↓

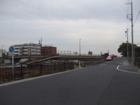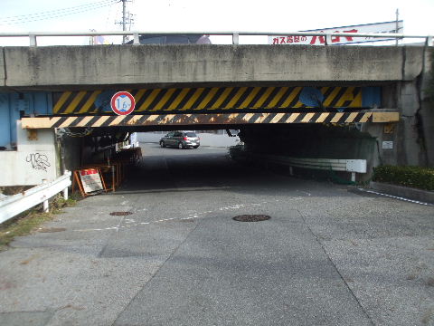 | 10:47橋を渡って新堀川沿いに国道1号線の 陸橋下に出る。この陸橋下1.6㍍しかない。 ひょっとして名古屋で一番低いかも。 |
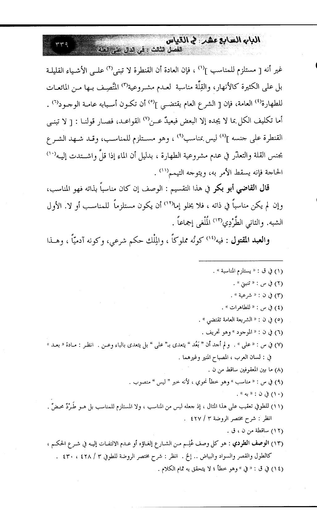 (¬13) الوصف الطردي: هو كل وصف عُلِم من الشارع إلغاؤه أو عدم الالتفات إليه في شرع الحكم، كالطول والقصر والسواد والبياض.. إلخ. انظر: شرح مختصر للطوفي 3 / 428، 430.
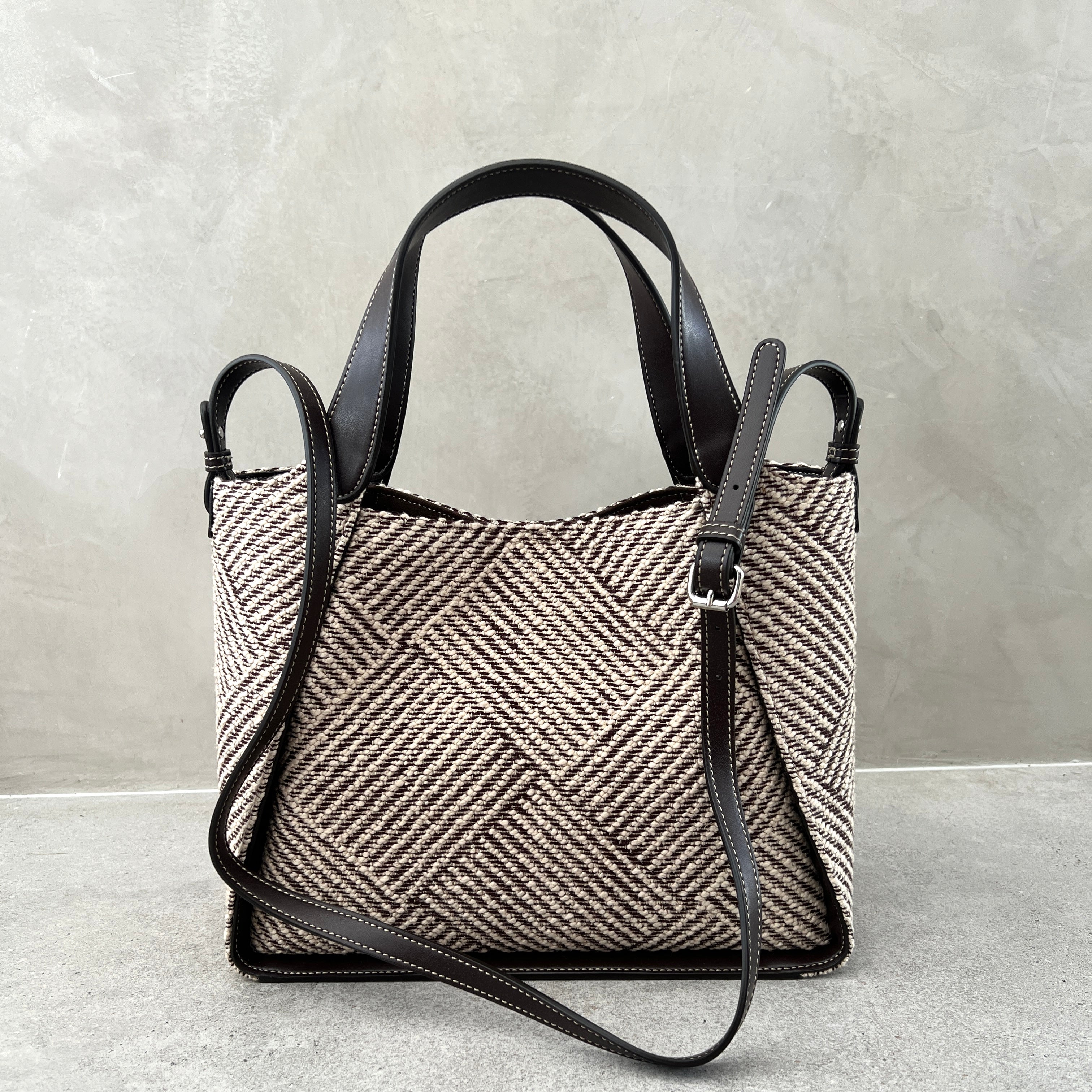 Stella Logo Tote C/B Embroidered Jacquard, Choc/Cream

↑

#### TASK BRIEF
Where a picture appears in the listing above, skip it and set down all the rest exactly.

#### ANSWER
 | 10:47橋を渡って新堀川沿いに国道1号線の 陸橋下に出る。この陸橋下1.6㍍しかない。 ひょっとして名古屋で一番低いかも。 |
 (¬13) الوصف الطردي: هو كل وصف عُلِم من الشارع إلغاؤه أو عدم الالتفات إليه في شرع الحكم، كالطول والقصر والسواد والبياض.. إلخ. انظر: شرح مختصر للطوفي 3 / 428، 430.
 Stella Logo Tote C/B Embroidered Jacquard, Choc/Cream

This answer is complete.